Vedanta: Seven Steps to Samadhi
Vedanta: Seven Steps to Samadhi
Towards the Truth
11 January 1974 pm in Mt. Abu, Rajasthan, India
AUM, MAY MY SPEECH BE ROOTED IN MY MIND,
AND MY MIND ROOTED IN MY SPEECH.
O SELF-ILLUMINED BRAHMAN, BE MANIFEST UNTO ME.
SPEECH AND MIND FORM THE BASIS OF MY KNOWLEDGE,
SO PLEASE DO NOT UNDO MY PURSUIT OF KNOWLEDGE.
DAY AND NIGHT I SPEND IN THIS PURSUIT.
I SHALL SPEAK THE LAW; I SHALL SPEAK THE TRUTH.
MAY BRAHMAN PROTECT ME;
MAY HE PROTECT THE SPEAKER, PROTECT THE SPEAKER.
AUM, SHANTI, SHANTI, SHANTI.
The ultimate truth is not far away, it is not distant. It is near you, close, closer than you are to
yourself, but still you go on missing it, and you have been missing it for millions of lives. This
continuous missing has become a habit. Unless this habit is broken, the closest remains the mostdistant; unless this habit is transcended, God, truth, or whatsoever we may call it, remains just a
myth, a theory, a doctrine, a belief, but not an experience.
And unless the divine is your experience, the belief is futile. It is not going to help you; on the
contrary it may hinder you, because just by believing in it you deceive yourself that somehow you
have known it. The belief becomes the deception. It doesn’t become an opening, it closes you.
It makes you knowl-edgeable without knowing it; it gives you a feeling of knowledge without any
intimate experience of it.
Remember, untruth is not such a great hindrance as the belief in the truth. If you believe you stop
seeking; if you believe you have already taken it for granted. It cannot be so. You will have to pass
through a mutation; really you will have to die and be born again. Unless the seed that you are dies,
the new life cannot sprout out of it. Belief becomes a barrier; it gives you a false assurance that
you have known – but that is all you have got. Belief is just borrowed. A Buddha says something,
a Jesus says something, or a Mohammed, and then we go on following it, believing in it. This can
create such a situation within you that the distant will appear close and the closest will continue to
appear distant – it creates an illusory mind.

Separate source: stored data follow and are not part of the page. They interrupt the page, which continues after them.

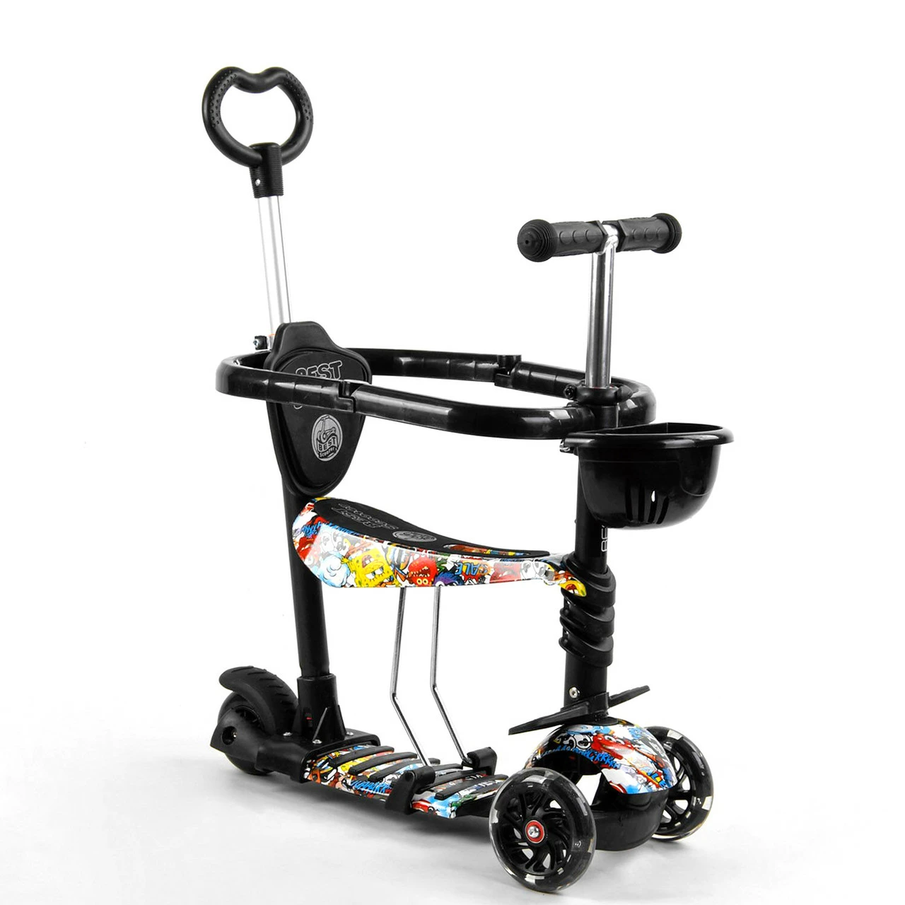 Детский самокат Scooter 5 в 1 предназначен специально для малышей! Благодаря наличию удобного сидения, подножек и ручки родительского контроля, даже самые маленькие детки будут чувствовать себя комфортно во время прогулки. Особенности: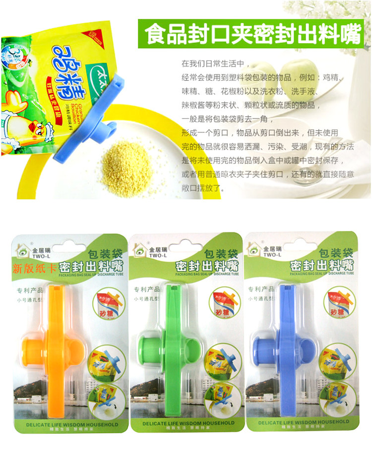 本产品是由密封夹和出料嘴组成适用于装有粉末或小颗粒状产品的包装袋,也可用在装有各种流质产品的包装袋上。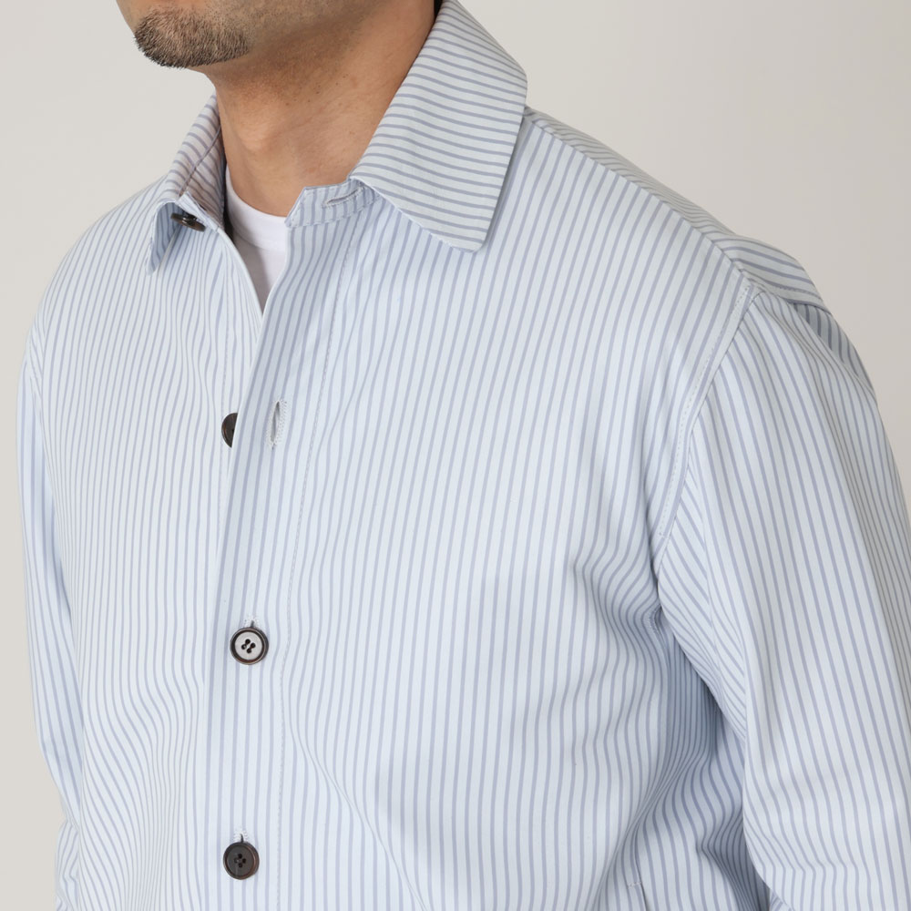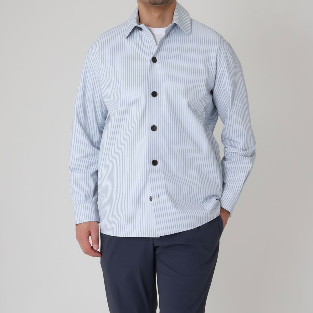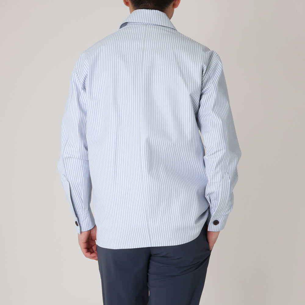 ・こちらはラムレザーにプリントでストライプを表現したオーバーシャツ。ツルっとした質感にクリーンな配色のストライプがピッタリで、ほのかにラウンドした襟と相まり、デザイナー物のようなムードを醸します。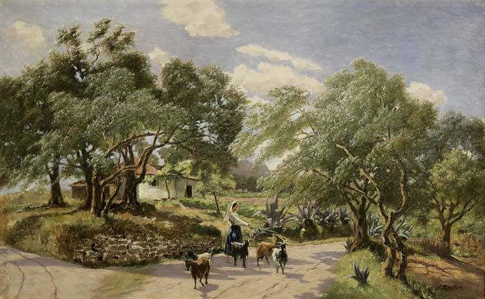 Junge Ziegenhirtin in südländischer Sommerlandschaft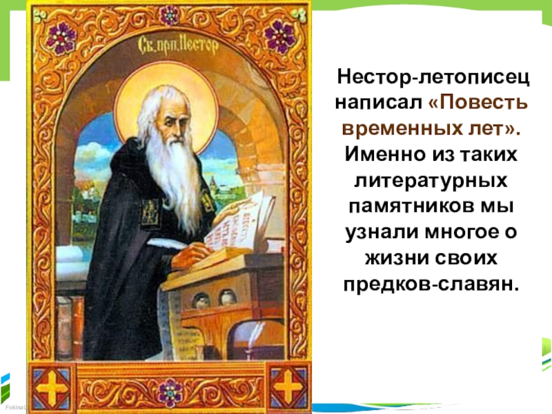 Слайд 3 Нестор-летописец написал «Повесть временных лет». Именно из таких литературных памятников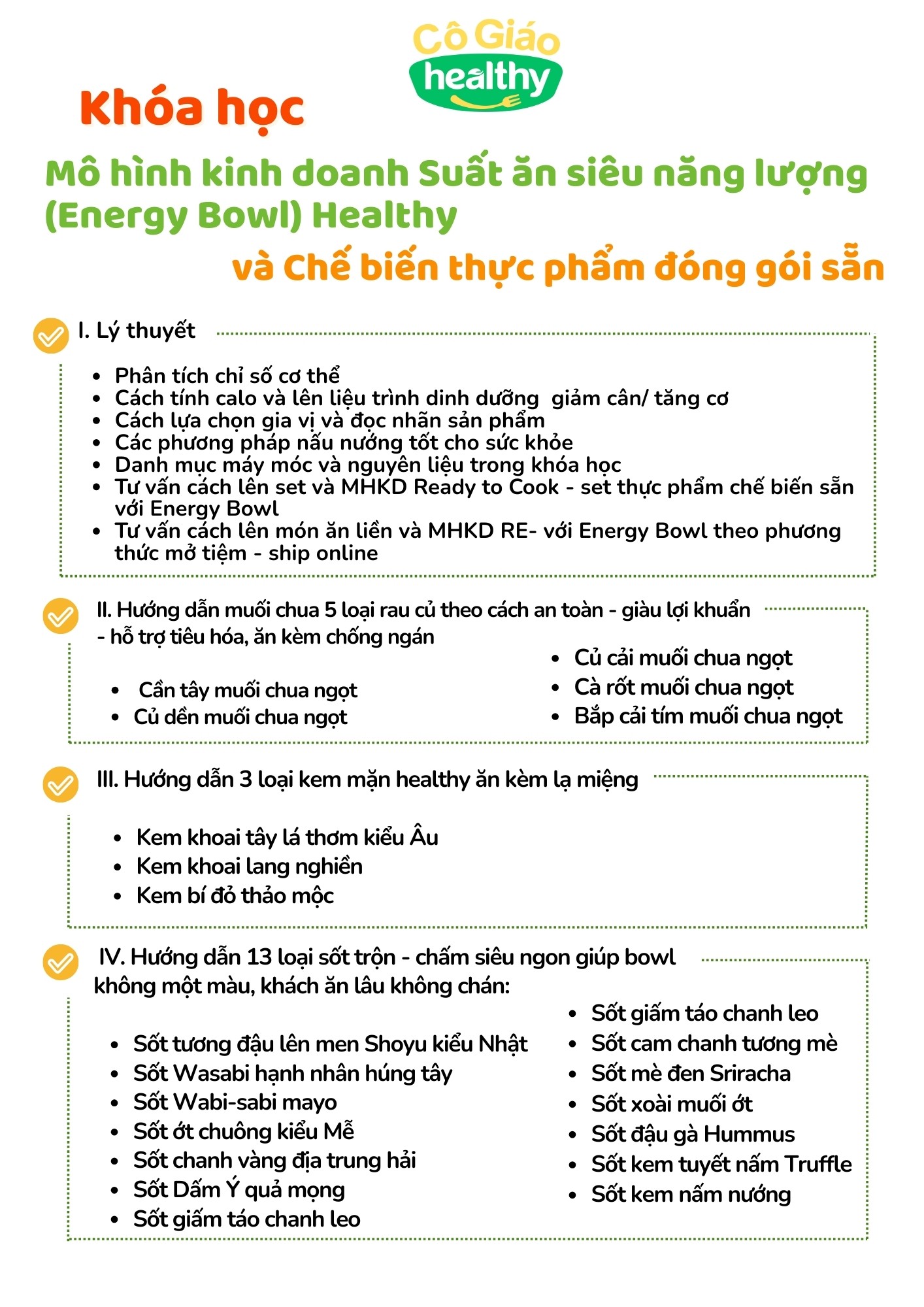 KHÓA HỌC MÔ HÌNH KINH DOANH SUẤT ĂN SIÊU NĂNG LƯỢNG (ENERGY BOWL) VÀ CHẾ BIẾN THỰC PHẨM ĐÓNG GÓI SẴN
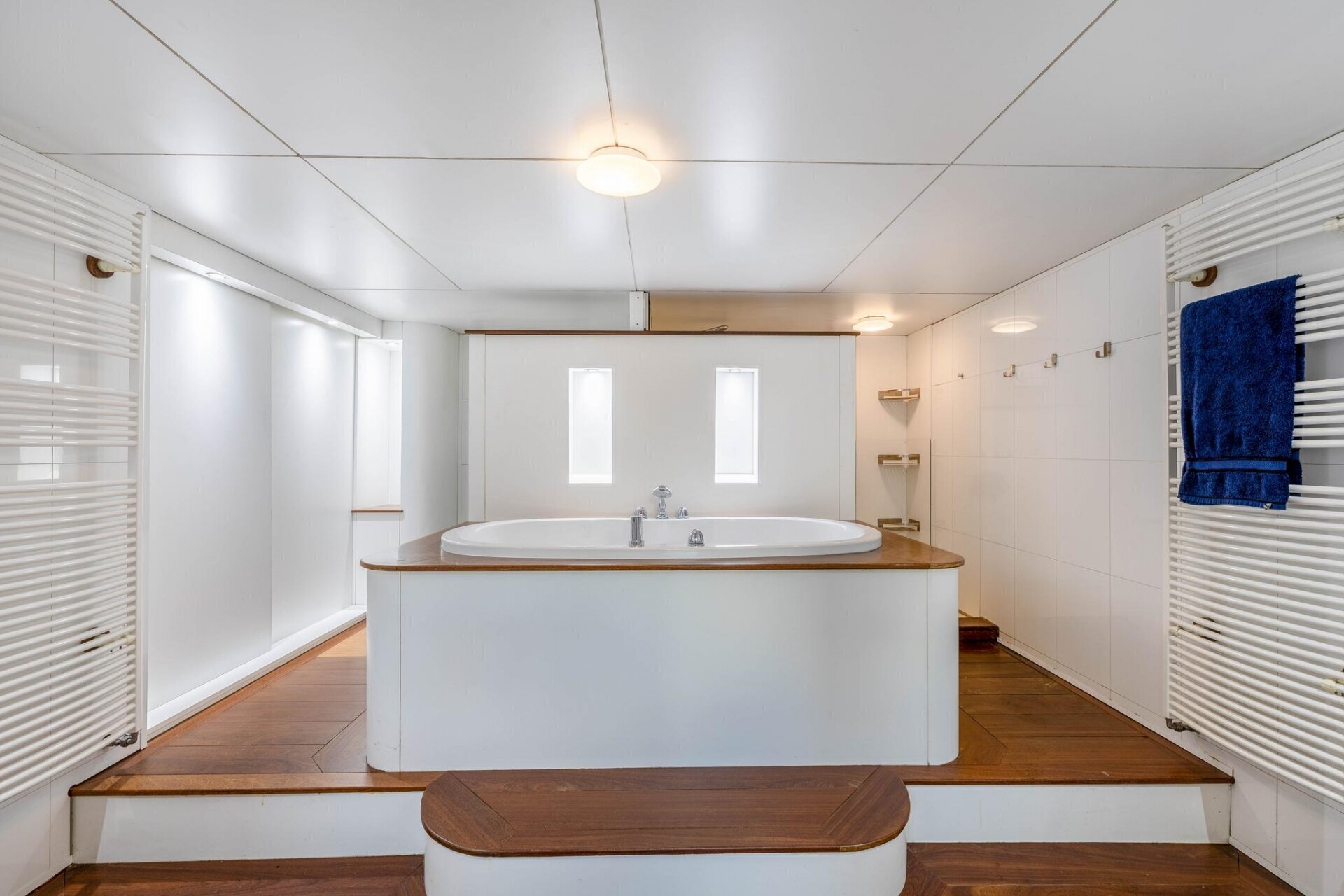 De trap vanuit de entreehal leidt naar het benedenverdieping, waar je een oase van rust vindt. Hier bevindt zich de royale hoofdslaapkamer met een ruime inloopkast en grote ramen die veel natuurlijk licht binnenlaten. De badkamer ademt een maritieme sfeer met tropisch hardhout, een inloopdouche, dubbele wastafels en een toilet.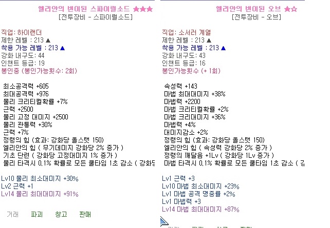 엘리안지팡이1강 최소22/최댐78 봉횟5 봉인중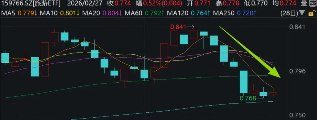 虽然高频数据来看,旅游的热度不低,但旅游ETF同样也是一路回调,勉强在半年线附近稳住。

I have heard one Sufi story. Once it happened that a fish in the ocean heard somebody talking about
the ocean, and the fish heard for the first time that there exists something like the ocean. She started
to search, she started to ask and inquire, but nobody knew where the ocean was. She asked many
fish, great and small, known and unknown, famous and not so famous, but nobody was capable of
answering where the ocean is. They all said they have heard about it; they all said, ”Sometime in
the past our ancestors knew it – it is written in the scriptures.” And the ocean was all around! They
were in the ocean; they were talking, living in the ocean.
Sometimes it happens that the closest, the nearest, is so obvious that you can forget it. The nearest
is so near that you cannot look at it, because even to look at something a certain distance is needed,
space is needed. And there is no space between you and the divine; there is no space between the
fish and the ocean – no gap. The fish is part of the ocean, just like a wave; or the ocean is just the
infinite spread of the being of the fish. They are not two; they exist together, their being is joined
together. Their bodies may appear different but their inner spirit is one, it is unitary.